• [INSTRUCTIONS FOR THE TASK]
Go to the line with "كوني جاهزة للتألق" in the records below, then output it and each following line exactly, up to and including the line with "Säljes ett vitrinskåp". Skip pictures and add nothing.

• [EXERCISE MATERIALS]
****************
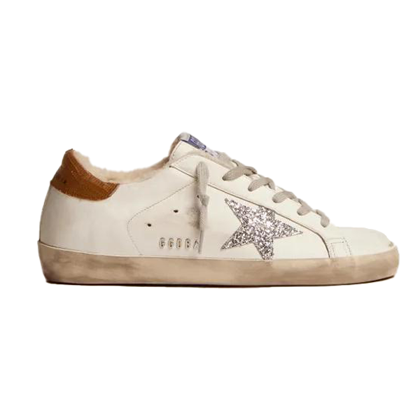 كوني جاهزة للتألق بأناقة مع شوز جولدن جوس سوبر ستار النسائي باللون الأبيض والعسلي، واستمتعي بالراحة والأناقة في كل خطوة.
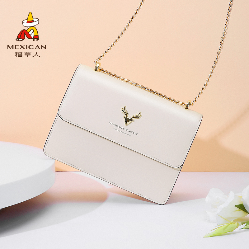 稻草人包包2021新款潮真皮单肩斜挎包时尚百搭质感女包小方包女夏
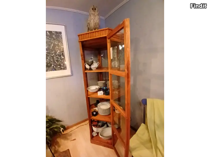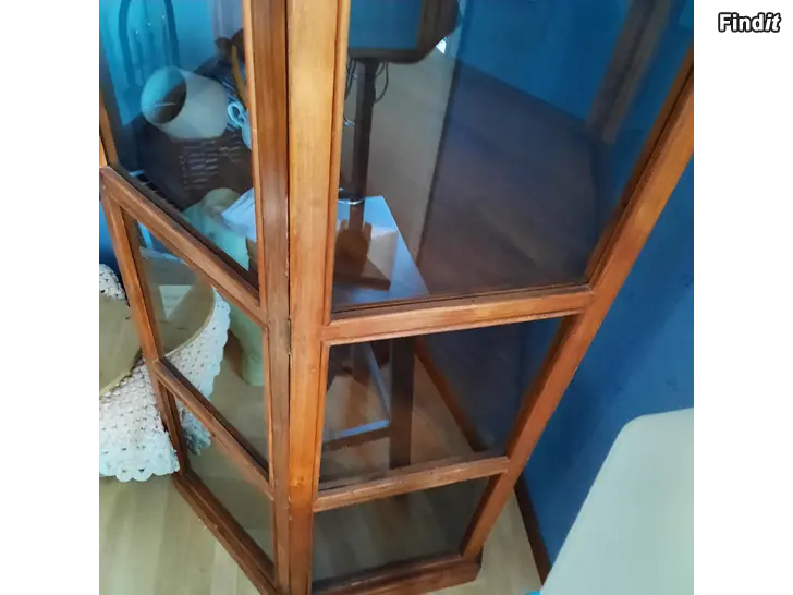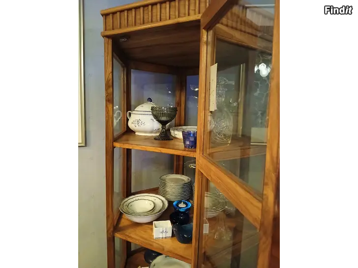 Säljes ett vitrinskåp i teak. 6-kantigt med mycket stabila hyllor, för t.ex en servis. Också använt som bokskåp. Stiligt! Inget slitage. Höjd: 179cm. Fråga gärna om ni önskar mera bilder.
****************
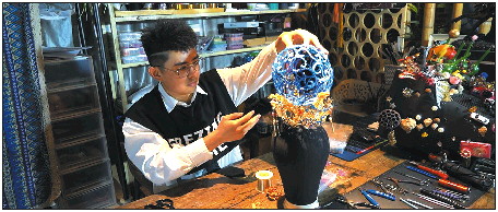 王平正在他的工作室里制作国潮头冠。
****************
• [OUTPUT OF THE TASK]
 كوني جاهزة للتألق بأناقة مع شوز جولدن جوس سوبر ستار النسائي باللون الأبيض والعسلي، واستمتعي بالراحة والأناقة في كل خطوة.
 稻草人包包2021新款潮真皮单肩斜挎包时尚百搭质感女包小方包女夏
 Säljes ett vitrinskåp i teak. 6-kantigt med mycket stabila hyllor, för t.ex en servis. Också använt som bokskåp. Stiligt! Inget slitage. Höjd: 179cm. Fråga gärna om ni önskar mera bilder.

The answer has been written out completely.